The foundation has attracted a lot of artists. It’s hosted a Pulitzer winning composer, some creative writers, painters and others with work featured far and wide.

It’s pretty competitive to earn a residency at Tusen Takk. There’s two rounds of selecting applicants. The foundation uses a panel of arts professionals to inform who gets a residency. The average stay is four to eight weeks.

In fact, Hong was previously denied.

"I applied a couple times and didn’t get in," she said. "The first few times. But then I got in. And if any artists are listening don’t give up. Just keep going."

Assistant director Maggie Pavao, said applications have doubled since the foundation opened three years ago.

 Maggie Pavao, sssisant director of Tusen Takk.

PC: Tyler Thomp
Maggie Pavao, assistant director of Tusen Takk. PC: Tyler Thompson

“It does come down to who’s ultimately the best fit for
the facilities that we have and who wants to make use of such a dedicated time,” Pavao said. 

Artists have unfettered access to the private studios, 24 hours a day, seven days a week, and they’re free to use the space as they see fit.

Pavao, who's worked with artists in New York City, said Tusen Takk is different in that way.

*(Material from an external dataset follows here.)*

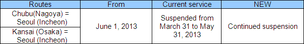 The schedules for the Narita to Seattle and Narita to San Jose routes had not been finalized from June onwards, but these flights will now operate from June 1. The reservations service for these routes will reopen on May 10, 2013 (Friday).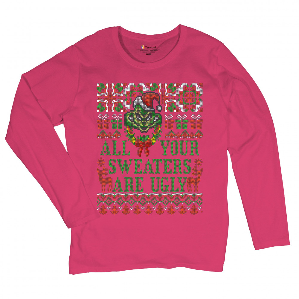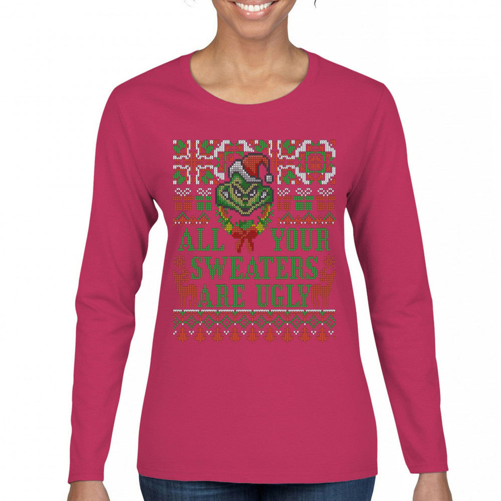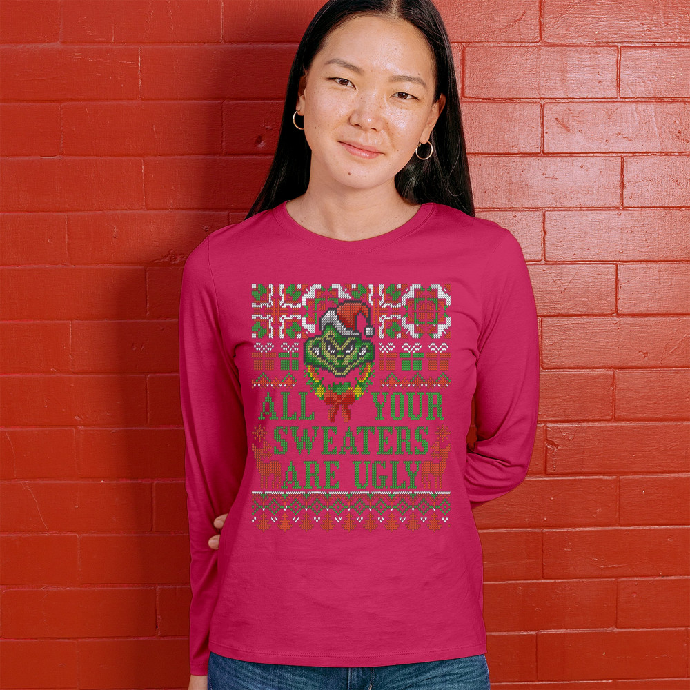 ALL YOUR SWEATERS ARE UGLY women's long sleeve t-shirt merry christmas rudolph pink

“Most residences are communal, they’re like MacDowell or Yaddo where there’s 50 artists at a time," she said. "There are no social obligations or community dinners -some artists come here and they find a freedom and time that’s totally yours.”

But for Hong, this is about more than just solitude. The trip to northern Michigan kind of brings her work and journey full circle, back to the Midwest.

Hong was born in China, and then her family moved to North Dakota when she was 10, and lived there for five or six years.

“And that was really formative to my history and my family’s history, she said. "But I haven’t really had a chance to come back to this area and to make work here.”

She chooses specific locations to create her pours. They’ve taken her all across the country, stretching from east coast to west coast and parts of the south.

But this is the first time she's been back to the Midwest in some time.

Her pour at Tusen Takk is part of a series called “Earth at the Edge of my Sun.”

“It's a question about homecoming, it's about exile, it's about loss and I thought this could be sort of an active homecoming as I'm trying to answer my own questions about home," Hong said.

The Foundation does require some form of public engagement, but the artist can decide what that entails, it could be an exhibition of work or an artist talk with the public.

By the end of her residency, Hong will be showing her work at Commongrounds in Traverse City. It will be in the Alluvion Theater, exhibiting alongside three other Michigan based artists Thursday, July 13.

 Lake Michigan, visible near the Tusen Takk Foundation.

PC:
Lake Michigan, visible near the Tusen Takk Foundation.